So treten hier Stoffe, die durch die traditionelle Knüpftechnik entstanden sind, mit jenen, die aus einer Fabrik stammen, in Interaktion. Die einzelnen Segmente ergeben einen Gesamtkomplex, in dem die Gemeinsamkeiten der Textilien, die aus verschiedenen Kulturkreisen zu kommen scheinen, hervorgehoben werden. In Aladağs Werken arbeiten die Materialien trotz ihrer Unterschiede stets zusammen. So ist es auch in Pattern Kinship Cloud. Dieses Werk verknüpft Ornamente aus Architekturkontexten miteinander, die sich in Städten aus aller Welt befinden. Ergänzt wurde dieses neue Gefüge mit weiteren abstrahierten Formen, wie Tiertatzen. Die Muster werden in einer organischen Form, die einer Wolke ähnelt, vereint.
Nevin Aladağ, Pattern Kinship Cloud, luminous, 2023, Wasserstrahl geschnittenes Aluminium, handbemalt mit Acrylfarbe, © VG Bild-Kunst, Bonn 2024, Foto: Ana Aguilera
Nevin Aladağ, Pattern Kinship Cloud, luminous, 2023, Wasserstrahl geschnittenes Aluminium, handbemalt mit Acrylfarbe, © VG Bild-Kunst, Bonn 2024, Foto: Ana Aguilera
Beim Durchlaufen des Ausstellungsraums wird eine atmosphärische Geräuschkulisse spürbar. Die Quelle der Töne findet sich in einem Nebenraum, der die Videoarbeiten Session, Traces und Jaming zeigt. Statt Textilien und Ornamenten tritt hier die Musik in den Vordergrund. Instrumente und Orte sind die Protagonisten und werden durch die Darstellungsform in einen neuen Kontext verwoben. So hört man beispielsweise die Töne eines Blasinstruments, welche durch die Luft eines übergestülpten Ballons erzeugt werden. Schauplätze dieser musikalischen Szenen sind neben Stuttgart und Berlin, welche biographische Bezüge zur Kunstschaffenden herstellen, die Vereinten Arabischen Emirate (Session).

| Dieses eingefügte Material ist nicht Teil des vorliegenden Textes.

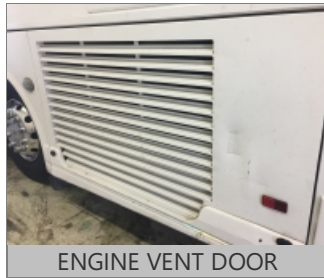
ENGINE VENT DOOR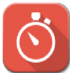
6: Resource management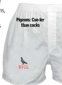
Pigeons: Cooler than cocks

When we Googled 'pigeon + boxer', this is what came up (right). We're not sure which is more pants: novelty underwear, or the fact that a violent rapist has been given his own telly show. Does Tyson deserve a second chance, or do you hope the pigeons shit on his head? Get involved with the debate at Yourbizarre.com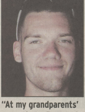
property on Bowman's Creek in Noxen. They say it's the best hole for swimming."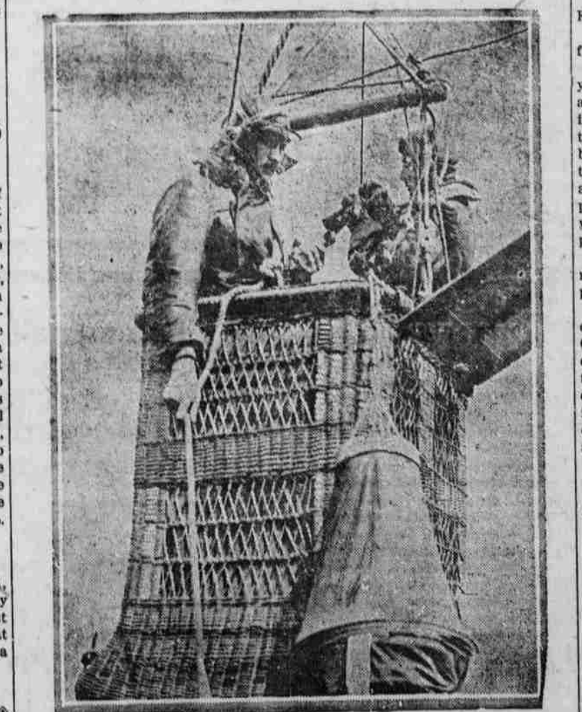
The British Royal Air Force balloons are the eyes of the artillery on the ground. They direct the big guns which hammer the boche lines. Some of the best work of the war is done by the men who go aloft in these baskets. They must often jump with parachutes to save their lives from an attacking airplane.

prayed for in her complaint, to-wit: For a decree dissolving the marriage contract now existing between plaintiff and defendant and for the custody and control of the minor child.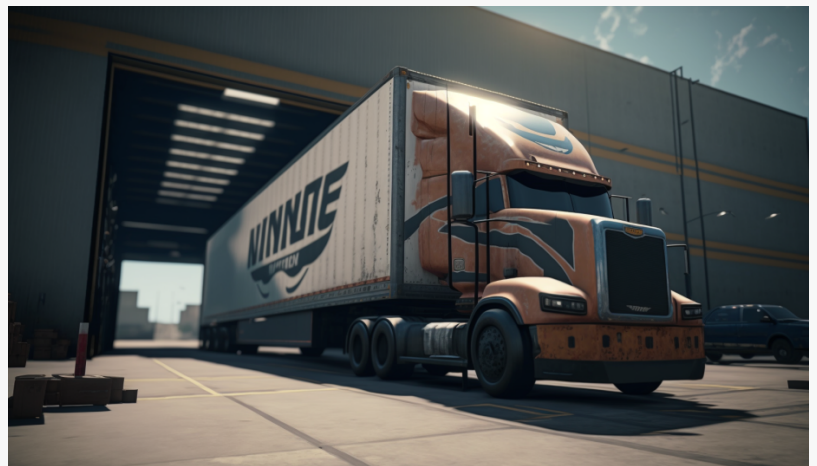
Inventory Management for Ecommerce Sellers - Understanding Lead Time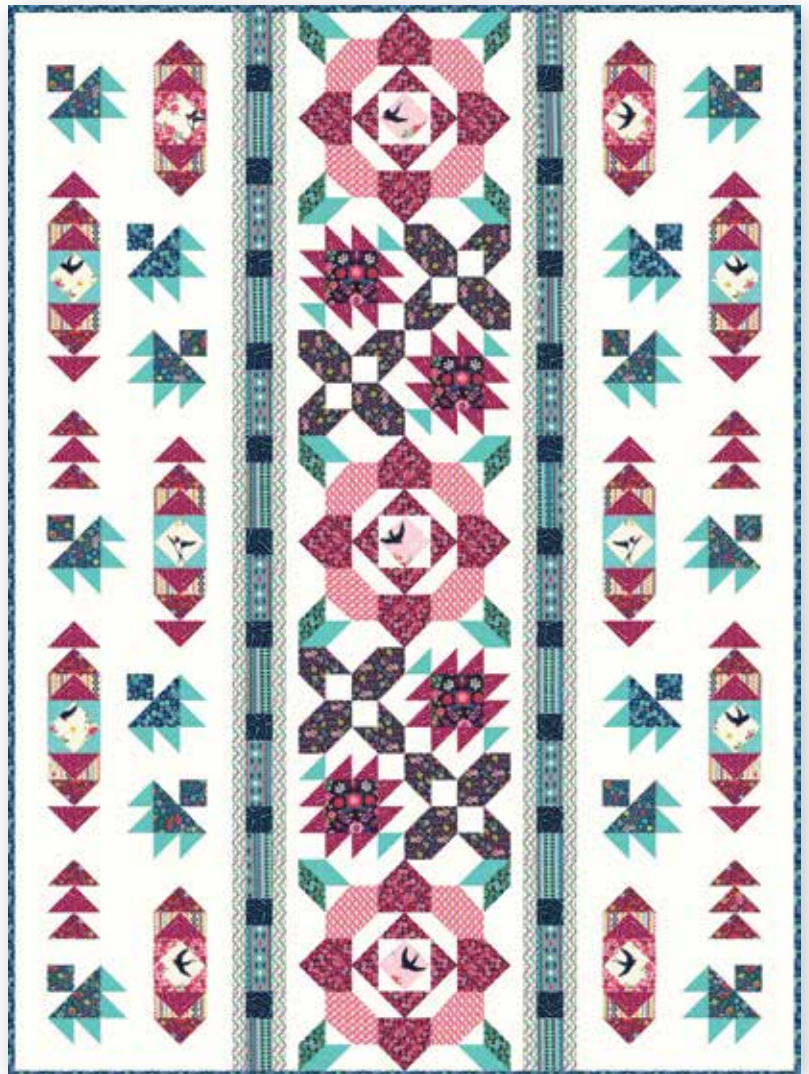
CMA 860/CMA 860G – Soul Catcher 60" x 80"

Die Musik fungiert nicht nur zwischen diesen drei Videoarbeiten als Bindeglied, sie zieht sich auch als roter Faden durch die gesamte Ausstellung. Die Gruppe Resonator bildet eine Reihe von Objekten, die einerseits statische Skulpturen und anderseits spielbare Instrumente sind. Resonator Percussion vereint verschiedene Elemente von Schlaginstrumenten. Sie sollen nicht bloß den Anschein von Spielbarkeit erwecken, sie werden sogar in der Ausstellung zu bestimmten Zeiten von Musiker*innen zum Klingen gebracht. Dabei können mehrere Personen an einem Objekt gleichzeitig agieren und stellen eine melodische Verbindung miteinander und mit den Instrumenten her.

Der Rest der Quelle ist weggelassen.